* BRIEF
Your answer must be the exact lines of the listing below that run from the line with "重庆国丰实业有限公司行车吊钩、铝水包探伤检测项目招标" to the line with "LOT: 44098595 VIN: JTEBU5JR4H5427294", ends included, and no pictures.
LISTED RECORDS Start Marker
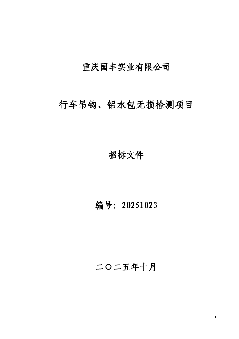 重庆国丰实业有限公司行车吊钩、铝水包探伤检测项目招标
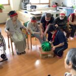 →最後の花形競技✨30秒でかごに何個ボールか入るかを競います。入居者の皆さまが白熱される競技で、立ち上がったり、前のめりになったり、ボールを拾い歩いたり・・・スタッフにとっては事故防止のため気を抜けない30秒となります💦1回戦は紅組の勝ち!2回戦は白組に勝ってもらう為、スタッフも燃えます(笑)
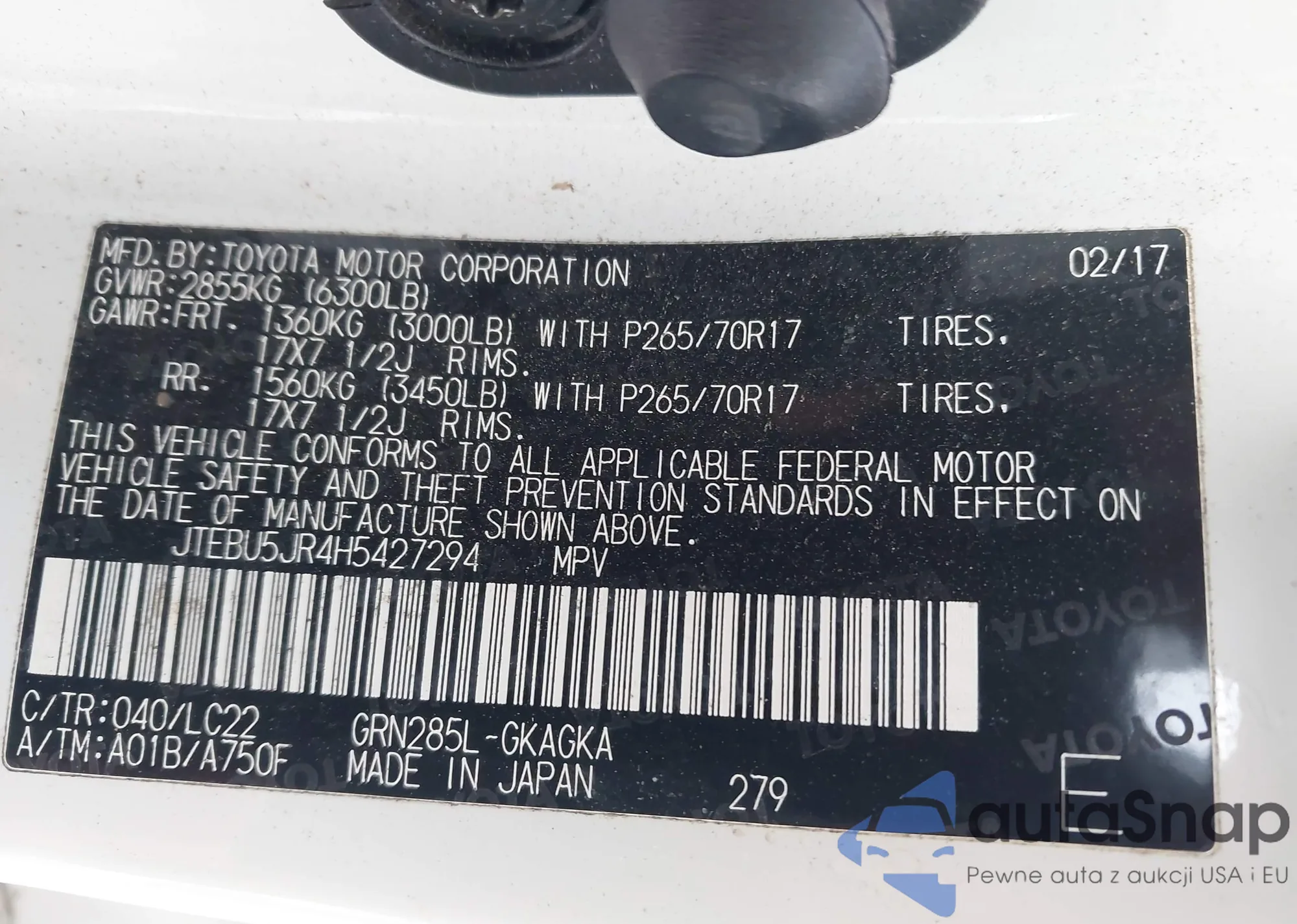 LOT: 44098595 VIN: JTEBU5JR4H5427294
LISTED RECORDS End Marker
LISTED RECORDS Start Marker
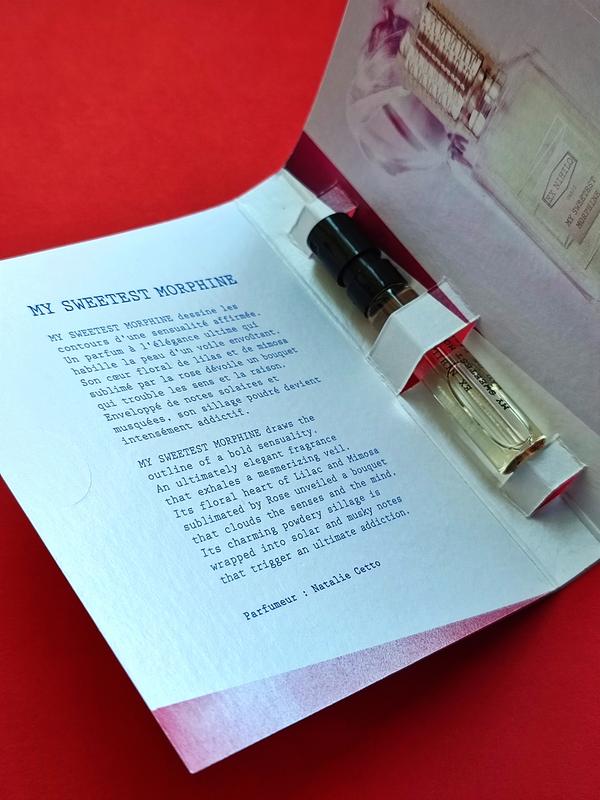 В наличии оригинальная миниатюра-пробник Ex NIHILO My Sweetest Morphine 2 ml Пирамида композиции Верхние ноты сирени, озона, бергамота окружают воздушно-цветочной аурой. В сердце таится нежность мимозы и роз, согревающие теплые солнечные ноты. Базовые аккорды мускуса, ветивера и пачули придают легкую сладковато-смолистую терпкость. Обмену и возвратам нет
LISTED RECORDS End Marker
* FINISHED TASK
 重庆国丰实业有限公司行车吊钩、铝水包探伤检测项目招标
 →最後の花形競技✨30秒でかごに何個ボールか入るかを競います。入居者の皆さまが白熱される競技で、立ち上がったり、前のめりになったり、ボールを拾い歩いたり・・・スタッフにとっては事故防止のため気を抜けない30秒となります💦1回戦は紅組の勝ち!2回戦は白組に勝ってもらう為、スタッフも燃えます(笑)
 LOT: 44098595 VIN: JTEBU5JR4H5427294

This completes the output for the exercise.